To confirm whether this scleral necrosis is caused by the direct effect of the accumulation of porphyrins in tear drops, analysis of tear drop porphyrins was performed after obtaining informed consent. In normal control, no porphyrin isomers were observed, whereas in this patient, remarkable elevations of type I porphyrins and protoporphyrin were observed (Fig 2).
Furthermore, sequence analysis of UROS was performed and an A to G transition of nucleotide 184 that predicted a threonine to alanine substitution at residue 62 (T62A), and a C to T transition of nucleotide 745 that predicted a glutamine to premature stop codon (Q249X). These mutations have been previously reported by Xuet al.4
This patient was confirmed to have compound heterozygous mutations, T62A/Q249X. These mutations had been described by Xuet al in a Japanese patient with CEP.4 They performed in vivo expression study for each mutation, and confirmed that each of them had no residual activity. We can expect that both mutations in this case are “disease causative.”

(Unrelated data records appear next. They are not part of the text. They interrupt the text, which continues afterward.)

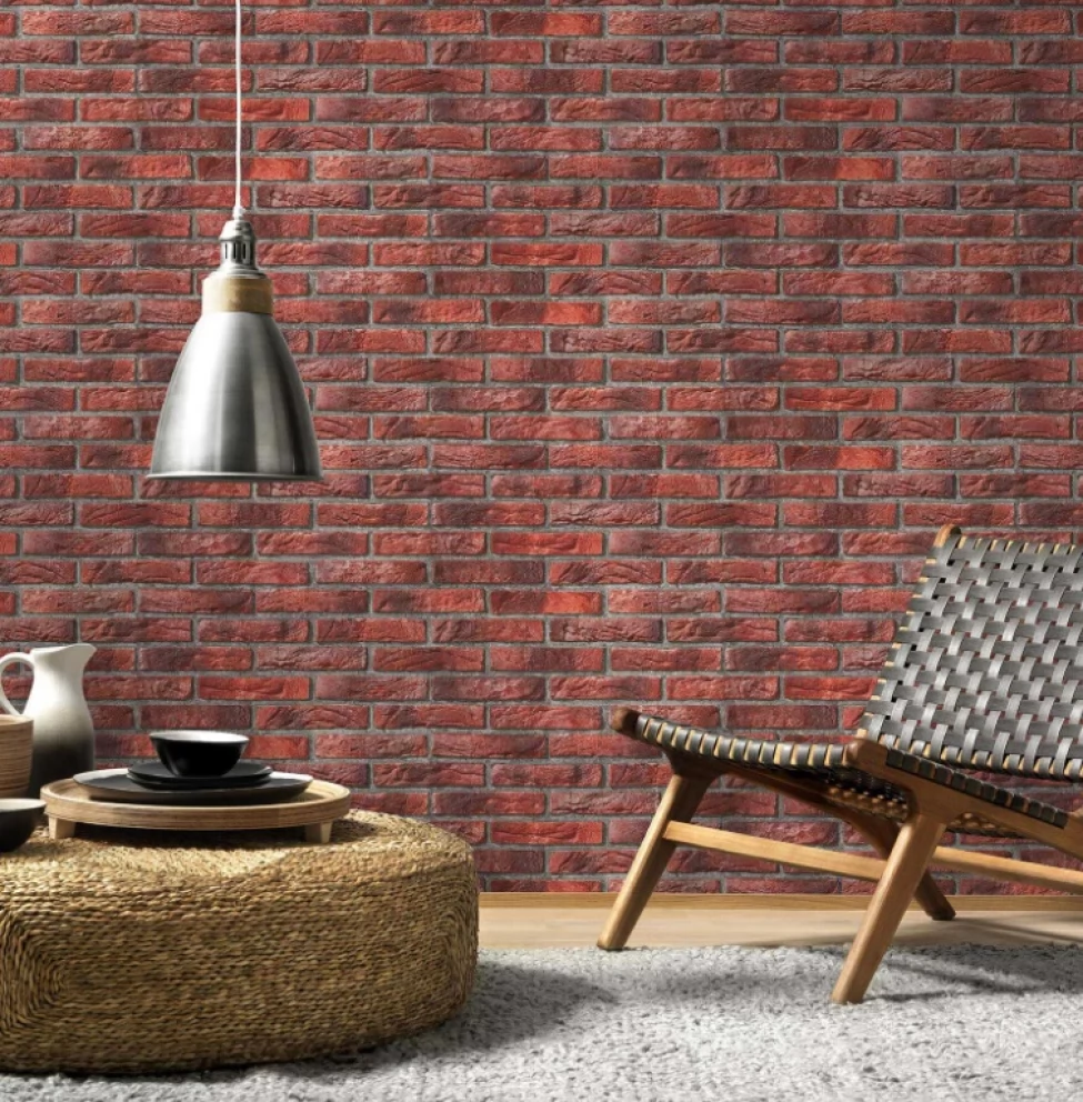 Modny motyw czerwonej cegły z efektem 3D. Tapeta produkcji niemieckiej fabryki Erismann. Oryginalny produkt. Tapeta papierowa.
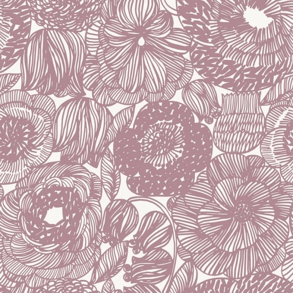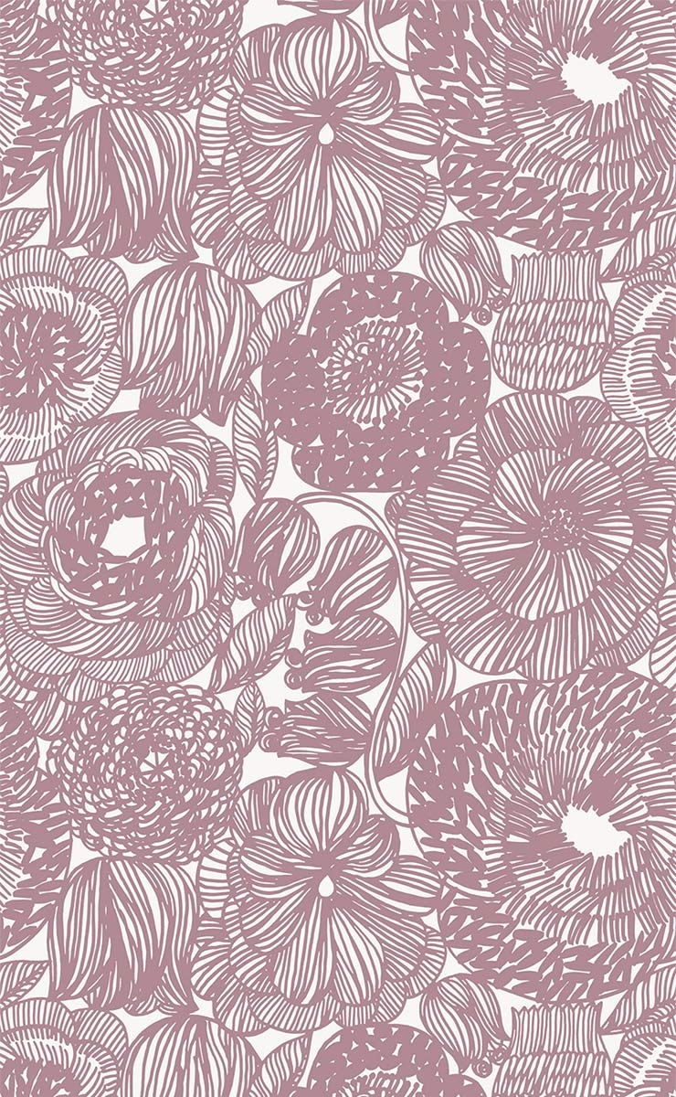 Dessinées sur un fond uni clair, des fleurs imaginaires tracées avec des lignes épaisses monochromes composent le motif du papier peint Kurjenpolvi. Cette décoration murale de Marimekko se décline dans des couleurs froides, sobres et chaudes. Elle invite un esprit romantique accentué d’une note de fantaisie dans les espaces de vie.
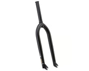 FEATURES: 31.8mm to 25.4mm Chromoly tapered legs with a forged end notch for peg clearance. Thick (24t) 1-piece rust proof Chromoly steerer tube. 5mm thick dropouts with new aggressive 26mm offset for instant response, triangular cutout for weight savings. CNC machined Black Alloy top cap included.
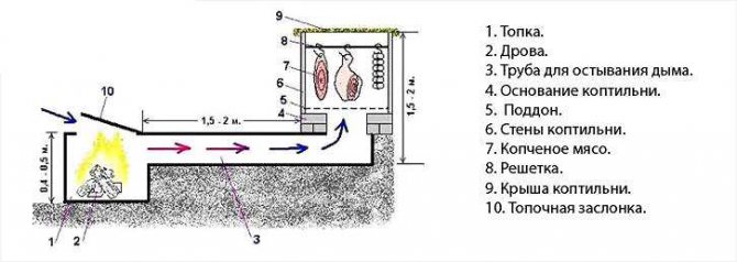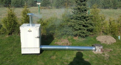 Après avoir installé l'unité de fumage, ils creusent une rainure vers la future chambre de combustion. Le réservoir de combustion est enterré dans le sol, un tuyau est posé le long de la rainure qui lui est reliée au fumoir. Au-dessus de la cheminée, il devrait y avoir une couche de sol de 15 à 20 cm pour le refroidissement naturel de la fumée.

Scleral changes at the body surface lesions in CEP are mainly caused by the accumulation of porphyrins.4 Here we proved the accumulation of porphyrins in tear drops with a single case of CEP. Additional cases are needed to confirm the presence of porphyrins in tear drops although they are asymptomatic for eye involvement. Since our finding demonstrates the likelihood that accumulated porphyrins in tear drops directly exerted a toxic effect in scleral lesions, the protection of sunlight by ultraviolet cut glasses is strongly recommended for prevention against the initiation and progression of scleral lesions in the patients with CEP.